▶ [ASSIGNED TASK]
An exact copy of every record below is required, with the pictures left out.

▶ [INFORMATION SHOWN]
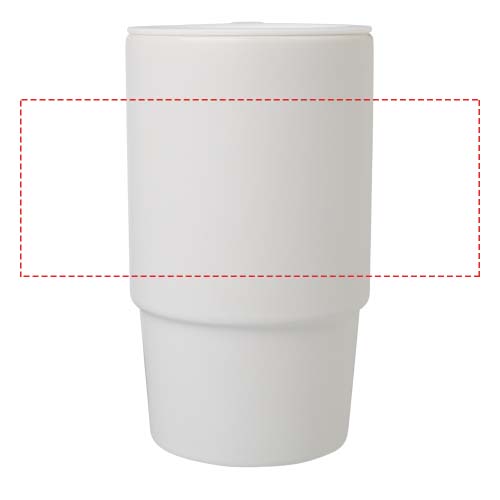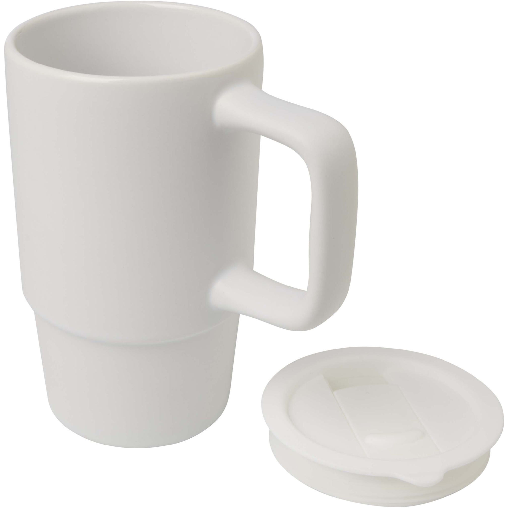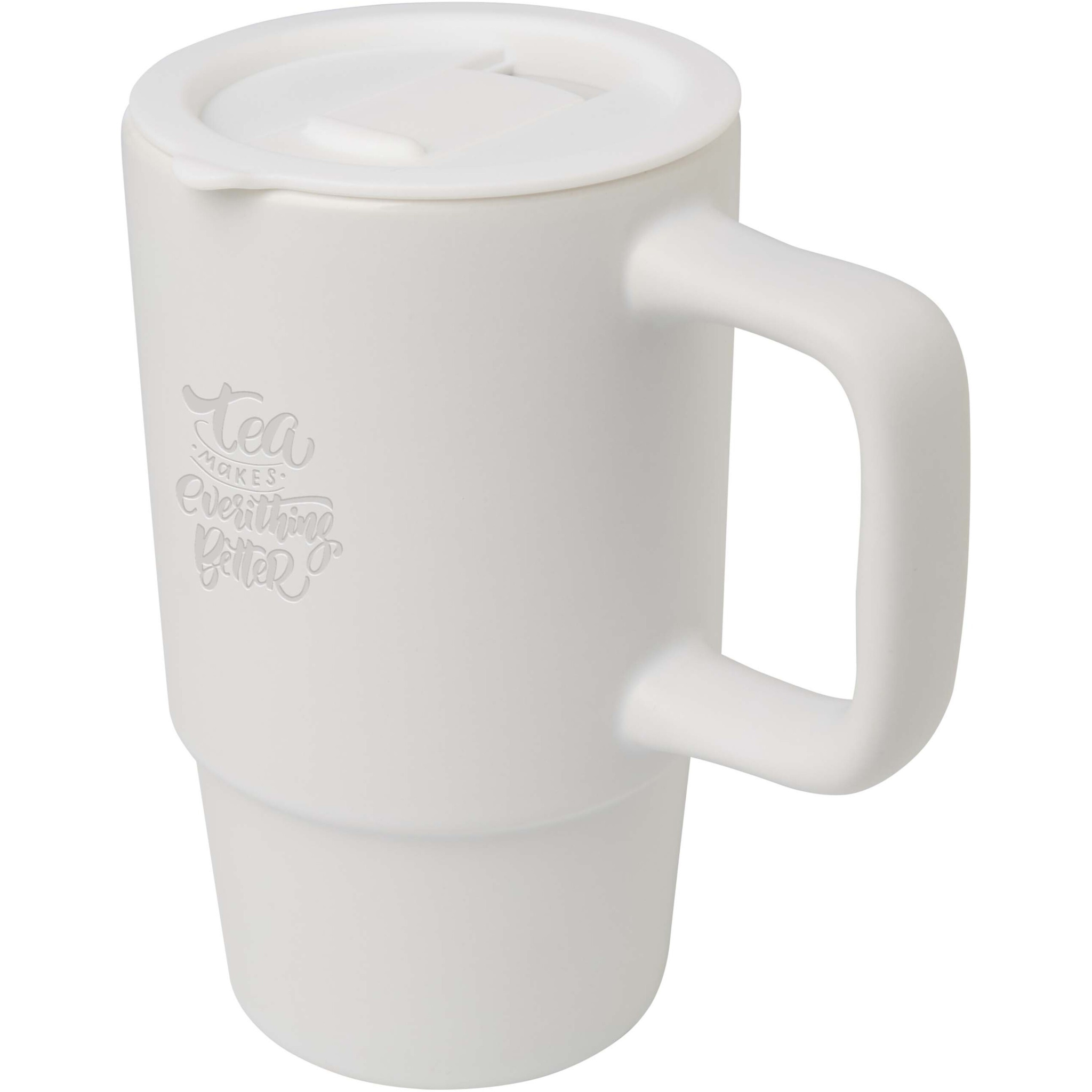 Keraaminen muki, jossa on ylikokoisen suuri kahva helpottamassa kantamista, ja roiskeenkestävä muovikansi mahdollistaa kätevän käytön liikkeellä ollessa. Ulkopinnassa on tyylikäs mattapinta, ja pullo on konepesun kestävä kaikilla painatusmenetelmillä. Toimitetaan kierrätetystä kartongista valmistetussa lahjapakkauksessa. Tilavuus: 450 ml.
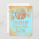 Schöne Vintage Hochzeit am Strand Save the Date Postkarten mit Sand-Dollar in orange und türkisblau Schaum Farben.
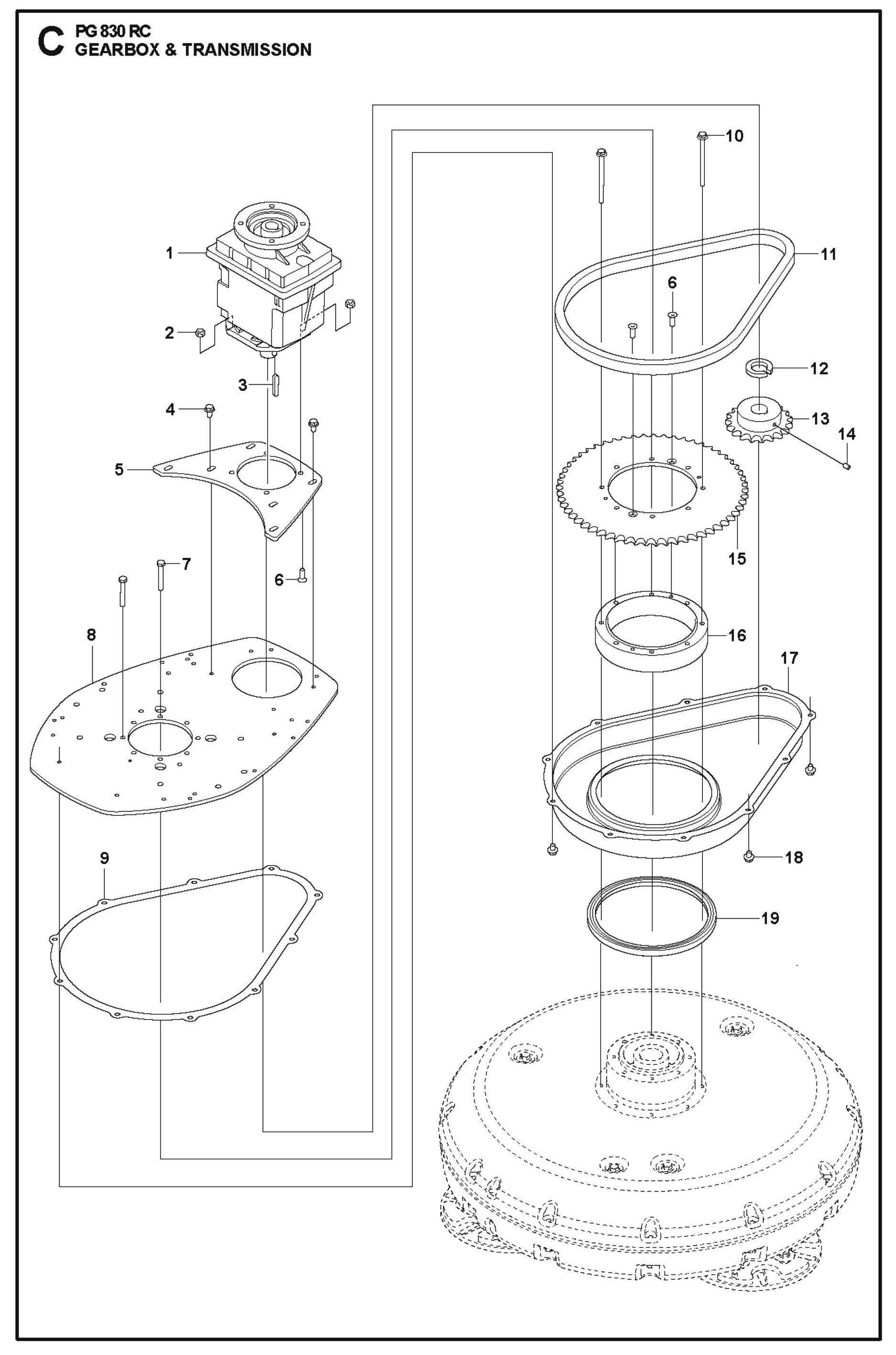 597605501 Transmission Cover for PG830RC Floor Grinder and Polisher by Husqvarna
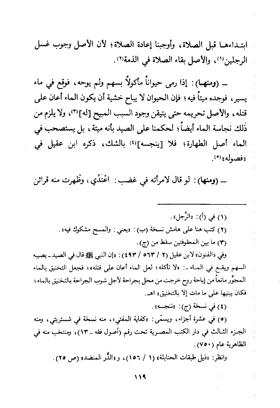 - (ومنها): إذا رمى حيوانًا مأكولًا بسهم ولم يوحه، فوقع في ماء يسير، فوجده ميتًا فيه؛ فإن الحيوان لا يباح خشية أن يكون الماء أعان على قتله، والأصل تحريمه حتى يتيقن وجود السبب المبيح [له] (¬3)، ولا يلزم من ذلك نجاسة الماء أيضًا؛ لحكمنا على الصيد بأنه ميتة، بل يستصحب في الماء أصل الطهارة؛ فلا [ينجسه] (¬4) بالشك، ذكره ابن عقيل في "فصوله" (¬5).
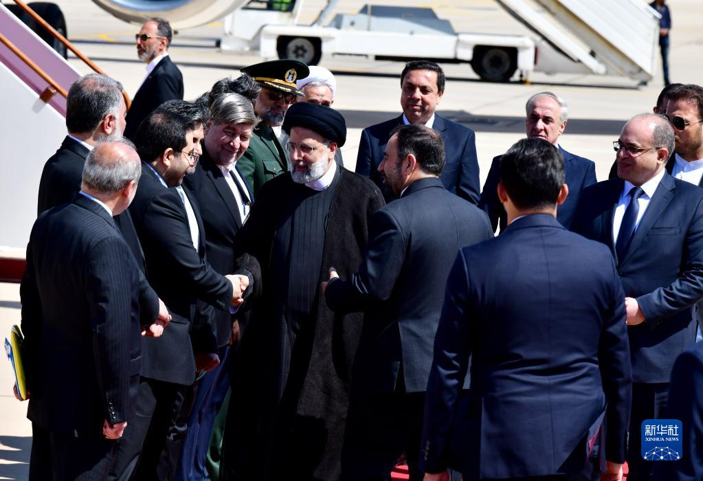 5月3日,伊朗總統易卜拉欣·萊希(中)抵達敘利亞大馬士革國際機場(chǎng)時(shí)與敘方人員握手。
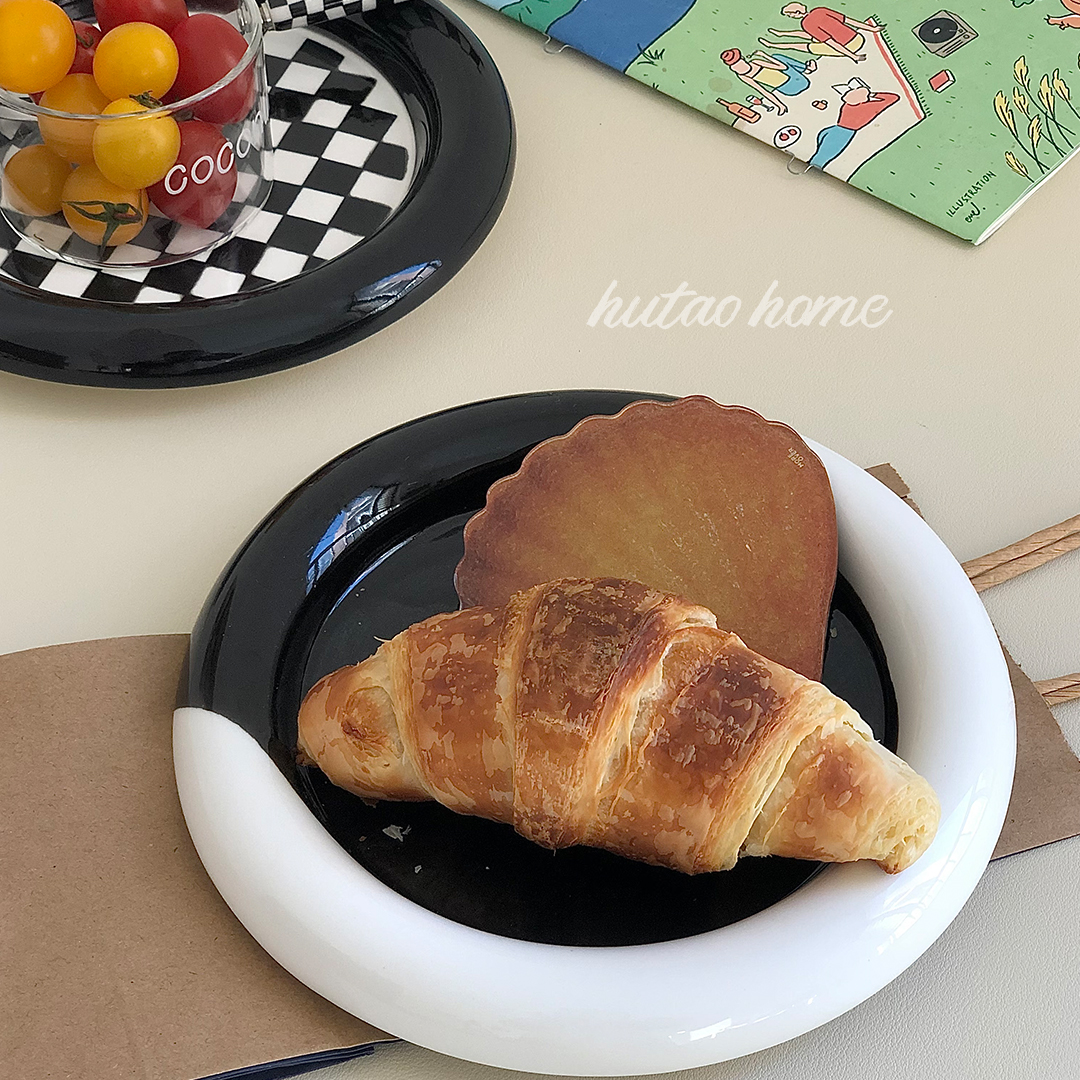 Nordic Ins Wind Fat Tuk-tuk black and white matching Chessboard Grid dinner plate minimalist 100 hitch pan disc glazed down
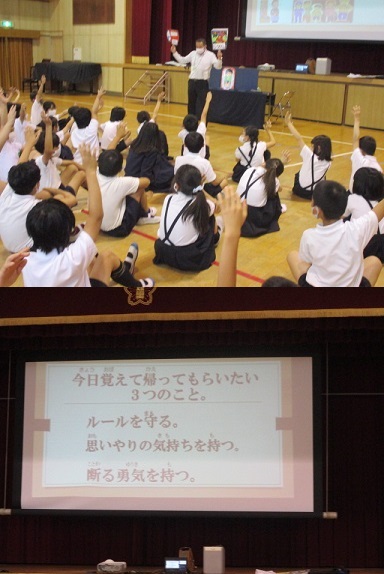 最後に、問題行動を起こさないために、「ルールを守る」「思いやりの気持ちを持つ」「断る勇気を持つ」を覚えておくようにお話がありました。

▶ [EXERCISE OUTPUT]
 Keraaminen muki, jossa on ylikokoisen suuri kahva helpottamassa kantamista, ja roiskeenkestävä muovikansi mahdollistaa kätevän käytön liikkeellä ollessa. Ulkopinnassa on tyylikäs mattapinta, ja pullo on konepesun kestävä kaikilla painatusmenetelmillä. Toimitetaan kierrätetystä kartongista valmistetussa lahjapakkauksessa. Tilavuus: 450 ml.
 Schöne Vintage Hochzeit am Strand Save the Date Postkarten mit Sand-Dollar in orange und türkisblau Schaum Farben.
 597605501 Transmission Cover for PG830RC Floor Grinder and Polisher by Husqvarna
 - (ومنها): إذا رمى حيوانًا مأكولًا بسهم ولم يوحه، فوقع في ماء يسير، فوجده ميتًا فيه؛ فإن الحيوان لا يباح خشية أن يكون الماء أعان على قتله، والأصل تحريمه حتى يتيقن وجود السبب المبيح [له] (¬3)، ولا يلزم من ذلك نجاسة الماء أيضًا؛ لحكمنا على الصيد بأنه ميتة، بل يستصحب في الماء أصل الطهارة؛ فلا [ينجسه] (¬4) بالشك، ذكره ابن عقيل في "فصوله" (¬5).
 5月3日,伊朗總統易卜拉欣·萊希(中)抵達敘利亞大馬士革國際機場(chǎng)時(shí)與敘方人員握手。
 Nordic Ins Wind Fat Tuk-tuk black and white matching Chessboard Grid dinner plate minimalist 100 hitch pan disc glazed down
 最後に、問題行動を起こさないために、「ルールを守る」「思いやりの気持ちを持つ」「断る勇気を持つ」を覚えておくようにお話がありました。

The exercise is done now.